Wednesday 6 January 2021

A Quality Improvement Initiative To Improve Postdischarge Antimicrobial Adherence

 Bedside delivery of discharge medications improves caregiver understanding and experience. Less is known about its impact on medication adherence. We aimed to improve antimicrobial adherence by increasing on-time first home doses for patients discharged from the pediatric hospital medicine service from 33% to 80% over 1 year via creation of a discharge medication delivery and counseling “Meds to Beds” (M2B) program.

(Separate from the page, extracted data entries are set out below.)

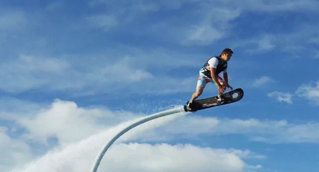 En futuristisk ny produkt finns snart i butikerna. Ett franskt vattenskoterföretaget presenterade en vattenlevande hoverboard, snurra över vågorna och genom luften i hastigheter upp till 36kmh. Den kan flyga så högt som 4.8 meter ovanför vattenytan och är designad för att ta extrema vattensporter till nästa nivå.
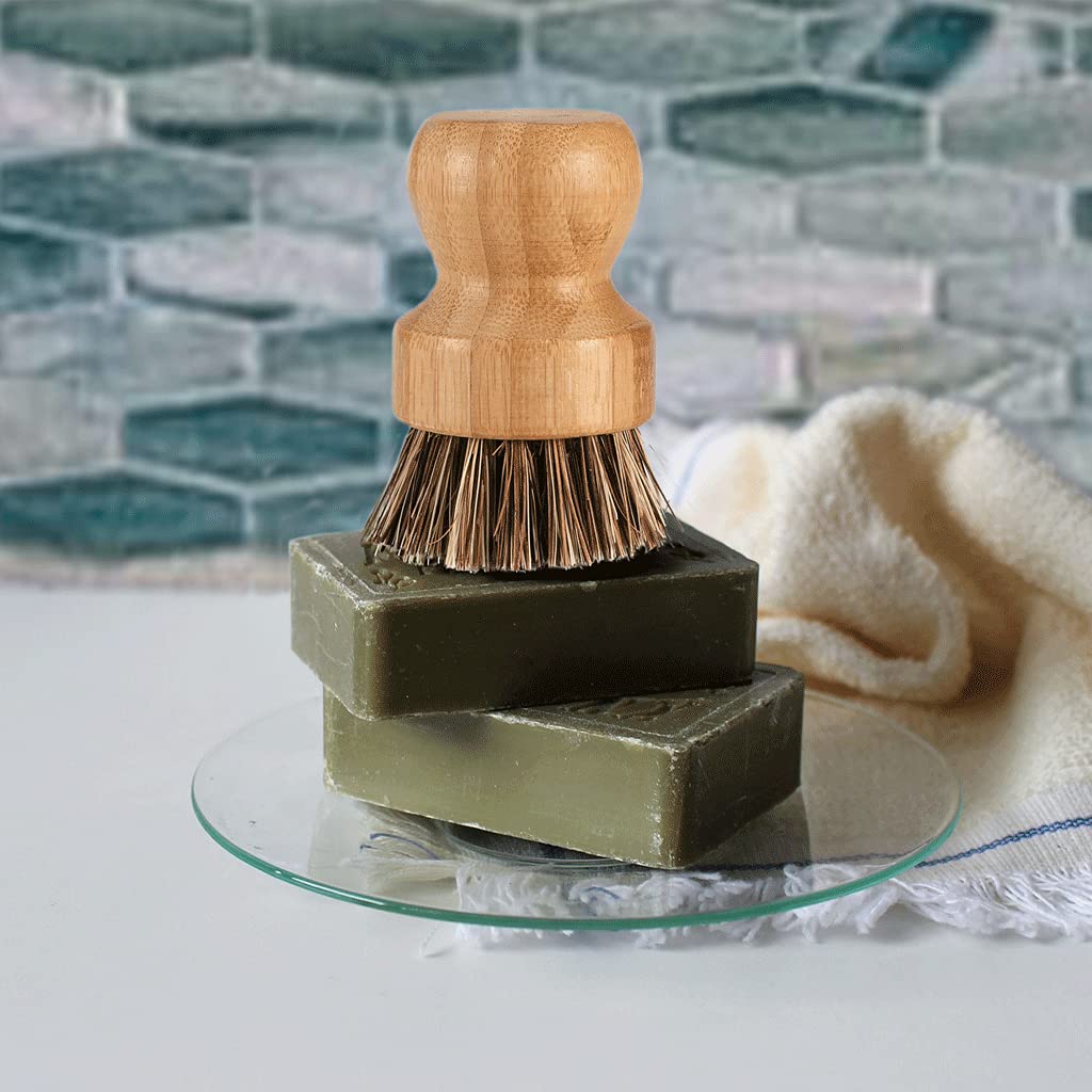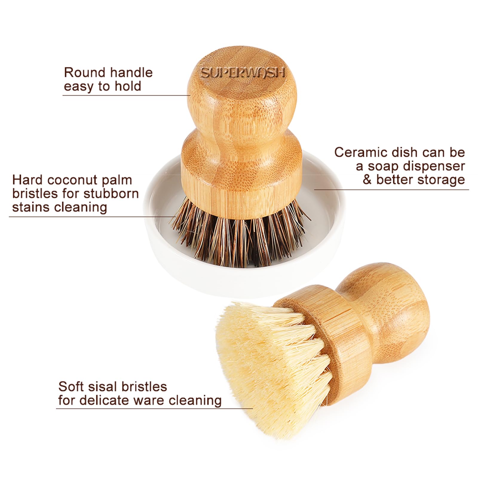 SUPERWASH PLUS Bamboo Brush Dish Scrubber Clean Pan and Vegetable, Natural Bristles Palm Pot Brush 2 Pack Round Mini Dish Brush with 2 Ceramic Dish for Kitchen Sink Cleaning
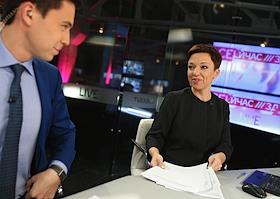 Работа телеканала "Дождь" в новом офисе на дизайн-заводе "Флакон". Съемка информационного блока "Здесь и сейчас". Студия. Корреспондент, телеведущий Игорь Севрюги (слева) и телеведущая, заместитель главного редактора телеканала "Дождь" Мария Макеева (справа).
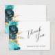 Teal Aqua Gold Floral Wedding Flat Thank You Karte
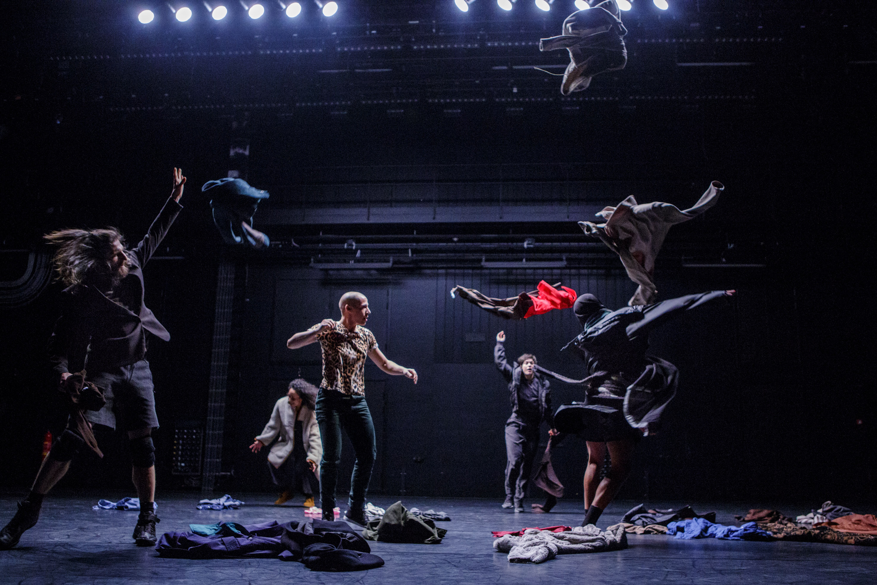 Désormais vêtus d’une superposition exubérante de costumes – pagnes et survêtements, manteaux noués sur les hanches et foulards entremêlés –, les danseurs font s’entrechoquer par des courses fuyantes des imaginaires disparates : des figures totémiques côtoient de possibles mannequins de prêt-à-porter, tandis qu’au centre une inquiétante silhouette marginale est dissimulée sous un amas d’habits dont les manches et les pans s’entremêlent et se soulèvent au rythme de sa course. Les vêtements un à un éjectés de cet amoncellement par la force centrifuge de sa course se gonflent d’air et épousent les silhouettes des corps qui les habitent en puissance.
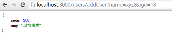 因为前面实现的是一个get请求的add方法, 所以可以在浏览器中直接使用地址访问,进入路由, http://localhost:3000/users/addUser?name=xyz&age=18.如果你得到如下JSON返回或看到数据表中有上面的数据插入,表示整合成功了
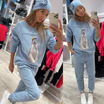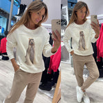 Add a playful twist to your cozy days with our Dog Rhinestone Noodie Sweater, where comfort meets quirky charm. This relaxed-fit sweatshirt features an irresistibly chic dog graphic — complete with a rhinestone necktie and hat for just the right amount of sparkle. Designed with a classic crew neckline, long sleeves, and soft stretch fabric, it's perfect for lounging, errands, or casual coffee dates.

Using sequential plan-do-study-act cycles, an interprofessional workgroup implemented M2B on select pediatric hospital medicine units at our quaternary children’s hospital from October 2017 through December 2018. Scripted telephone surveys were conducted with caregivers of patients prescribed antimicrobial agents at discharge. The primary outcome measure was on-time administration of the first home antimicrobial dose, defined as a dose given within the time of the inpatient dose equivalent plus 25%. Process measures primarily assessed caregiver report of barriers to adherence. Run charts, statistical process control charts, and inferential statistics were used for data analysis.

Caregiver survey response rate was 35% (207 of 585). Median on-time first home antimicrobial doses increased from 33% to 67% (P < .001). Forty percent of computer science average salary prescriptions were adjusted before discharge because of financial or insurance barriers. M2B participants reported significantly less difficulty in obtaining medications compared with nonparticipants.